(DATA EXCERPT)
=== Section Start ===
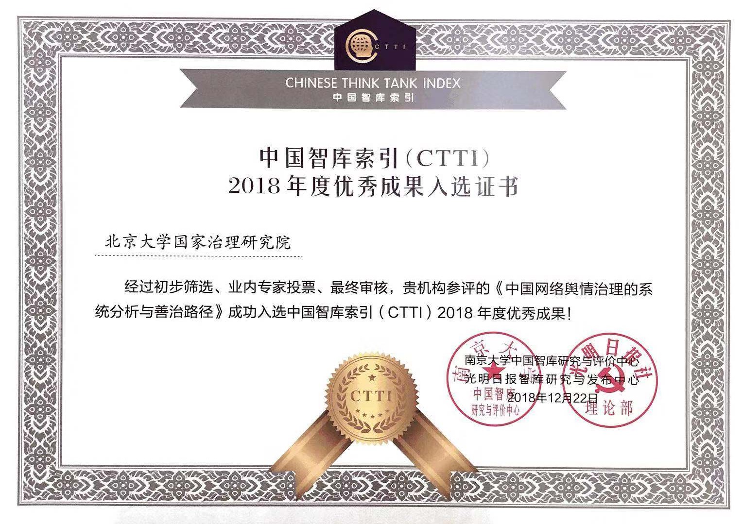 12月22日,由南京大学与光明日报社联合主办的2018中国智库治理暨思想理论传播高峰论坛在江苏南京举行。在来自中央及各省市思想理论和智库管理部门领导、全国高校科研管理部门负责人、“中国智库索引”(CTTI)来源智库、智库研究界700余位专家学者的共同见证下,“CTTI高校智库百强榜”发布。北京大学国家治理研究院等25家来源智库进入CTTI高校智库A+级榜单,研究院研究人员张权、燕继荣提交参评的《中国网络舆情治理的系统分析与善治路径》成果获评高校智库2018年“年度优秀成果”。
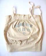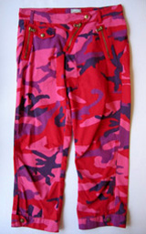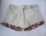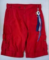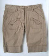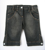 色落ちブラックデニムのバミューダはとてもきれいなラインが出ます。フロント2段ポケットのラインストーン入りスタッズと凝った切り替えが光ります。10Aまではウェストにアジャスターが入っています。
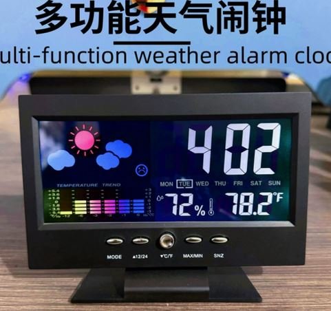/ DESPERTADOR DIGITAL ELETRONICO MULTIFUNCIONAL DE MESA, COM DISPLAY DE LCD, FUNCOES DE INDICACAO DE HORA, ALARME, TEMPERATURA AMBIENTE, UMIDADE RELATIVA DO AR, PREVISAO METEREOLOGICA GRAFICA. CORPO EM PLASTICO ALIMENTADO POR PILHAS
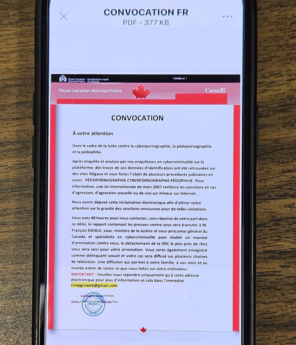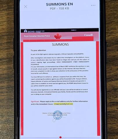 La GRC rappelle qu’il s'agit d’une tentative d’extorsion qui figure sur le site du Centre antifraude du Canada : https://centreantifraude.ca/scams-fraudes/extortion-extorsion-fra.htm#a0.
=== Section End ===
(TASK OBJECTIVE)
Please restate the material word for word; the pictures stay out.

(REPLY)
 12月22日,由南京大学与光明日报社联合主办的2018中国智库治理暨思想理论传播高峰论坛在江苏南京举行。在来自中央及各省市思想理论和智库管理部门领导、全国高校科研管理部门负责人、“中国智库索引”(CTTI)来源智库、智库研究界700余位专家学者的共同见证下,“CTTI高校智库百强榜”发布。北京大学国家治理研究院等25家来源智库进入CTTI高校智库A+级榜单,研究院研究人员张权、燕继荣提交参评的《中国网络舆情治理的系统分析与善治路径》成果获评高校智库2018年“年度优秀成果”。
 色落ちブラックデニムのバミューダはとてもきれいなラインが出ます。フロント2段ポケットのラインストーン入りスタッズと凝った切り替えが光ります。10Aまではウェストにアジャスターが入っています。
/ DESPERTADOR DIGITAL ELETRONICO MULTIFUNCIONAL DE MESA, COM DISPLAY DE LCD, FUNCOES DE INDICACAO DE HORA, ALARME, TEMPERATURA AMBIENTE, UMIDADE RELATIVA DO AR, PREVISAO METEREOLOGICA GRAFICA. CORPO EM PLASTICO ALIMENTADO POR PILHAS
 La GRC rappelle qu’il s'agit d’une tentative d’extorsion qui figure sur le site du Centre antifraude du Canada : https://centreantifraude.ca/scams-fraudes/extortion-extorsion-fra.htm#a0.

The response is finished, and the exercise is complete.